Mixed reactions to new regulations
The Italian wealth management industry is embracing a new set of opportunities thanks to the latest innovation for the investment world to come out of Brussels - the Ucits III directive.
For Italy, as for the rest of the EU, the new law means a wider range of investment products, most importantly funds using derivatives, can now be sold to individual investors. This seems to be good news for Italy’s investors and banks, as well as the international product providers that serve them. But these opportunities do come with risks and some argue Ucits III does not address all the issues it should.
Francesco Gentiloni Silveri, a high profile financial consultant based in Rome and Milan, said at PWM’s Milan conference: “The effects of Ucits III in Italy will be really strong. The investment possibilities will increase and consequently the risks will increase too. Therefore Italian and European asset managers will have to be very careful to keep the news risks under control, especially when investing in derivatives.”
He said that the use of leverage - fundamental to derivatives - in more Italian investment products would take Italy into an era of more modern and sophisticated asset management, and one where the investments of the man in the street would become more like those of large institutions.
But funds involving borrowing are inherently more risky so new, more stringent risk controls would be needed.
Mr Gentiloni Silveri said there would now be more chances for foreign fund providers to sell their wares in Italy: “Foreign providers in Italy have increased their market share and numbers during the past five years. Their services have become essential as Italians invest abroad more and more. Their success has been good and will get even better.”
He added that foreign back- and middle-office service providers would also be able to pick up business, as banks and fund managers outsource the increasingly complex job of administering and reporting on the new range of investments.
Other delegates were less positive regarding the new directive. Patrick Fauchier, chief executive of hedge fund specialist Fauchier Partners, said: “I think Ucits III is a step in the right direction, but there are still lots of questions to answer. For example, should closed ended hedge funds still be classed as hedge fund?”
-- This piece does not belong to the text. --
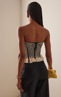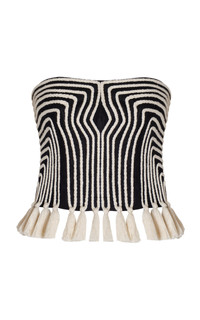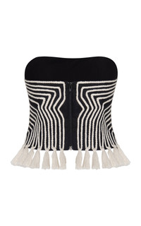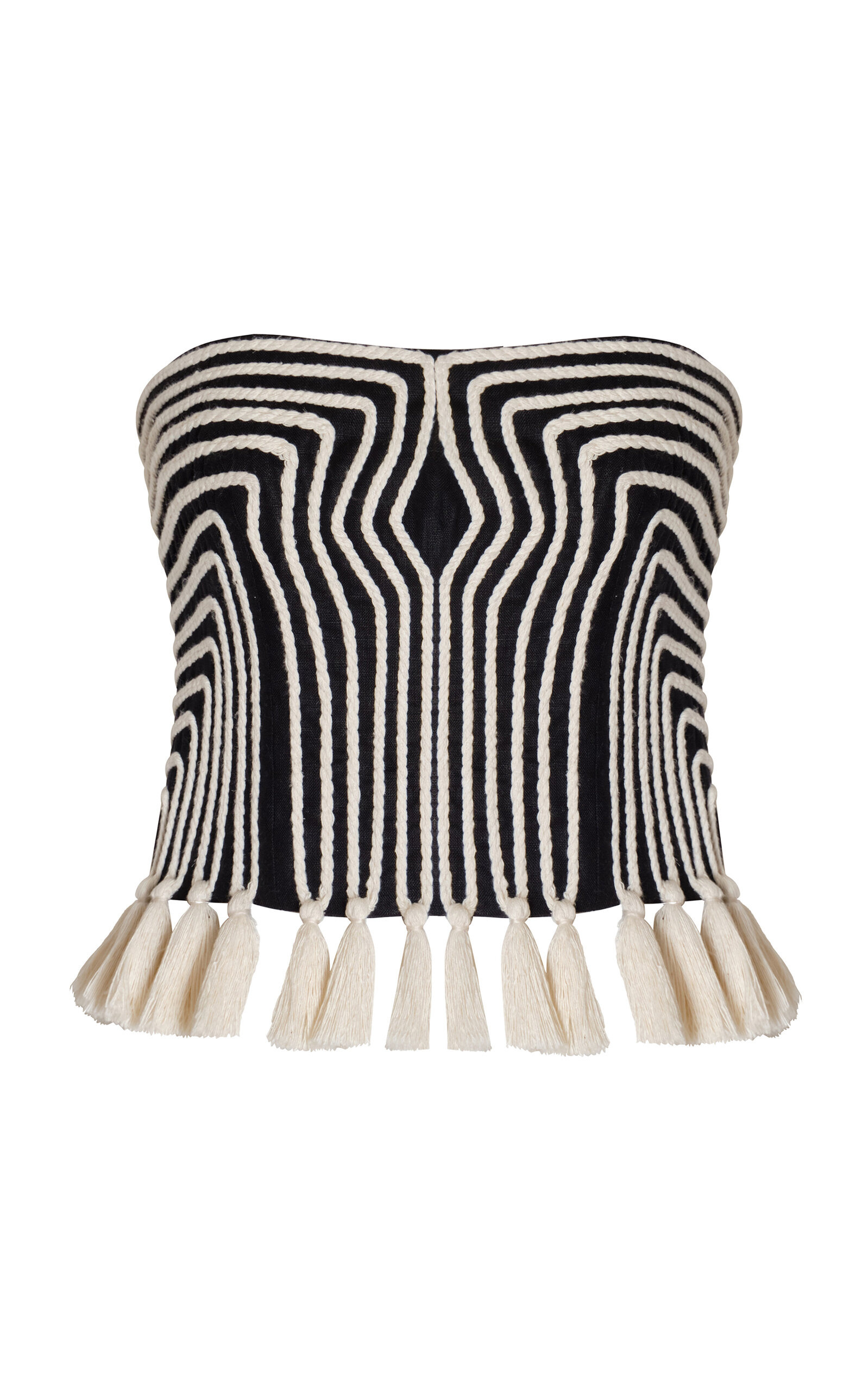 The Colombian designer draws inspiration from the lush, green landscapes of his home country’s tropical paradise. His goal? To mirror the vibrancy of the natural world through carefully designed pieces made from high-quality fabrics. The 'Escuchas' strapless top is crafted from embroidered linen and finished with playful tassels at the hem. Pair yours with the label's coordinating trousers. PRODUCT DETAILS - Fall-Winter '25 - Zip Closure Through Back - Composition: 100% Linen - Dry Clean Only - Color: black/white - Made in Colombia SIZE & FIT - Our model is wearing a size 2 - Model is 5’10” with a 31” bust, 23.5” waist, and 33.5” hip

Mr Fauchier called for the hedge fund universe to be split into two categories: “One will comprise very sophisticated, less liquid funds, which would have a similar status to private equity. The other will be more retail, simple products. They will often be long-short funds and it will be easier to control risks in these funds. They will be known as traditional hedge funds.”
Marco Campisi, general director of investment consulting company Consulenza Instituzionale, warned that Italian investors frequently did not fully understand hedge funds, which did not bode well for a market about to be introduced to their more extensive use. He said investors must be better educated in hedge funds.
Raffaele Jerusalmi, executive director of markets at the Italian Stock Exchange, said the new regulatory environment would encourage a convergence between hedge funds and long-only fund managers. While traditional fund houses are already encroaching on alternative territory, he said that hedge funds, presumably bolstered by their new respectability and suffering from a lull in the market volatility on which many of them trade, would start launching long-only products.
Mr Gentiloni Silveri said that one facet of the Italian investment scene would not change under the new regime: “I think that regional banks will continue to dominate sales of retail funds for some years to come.”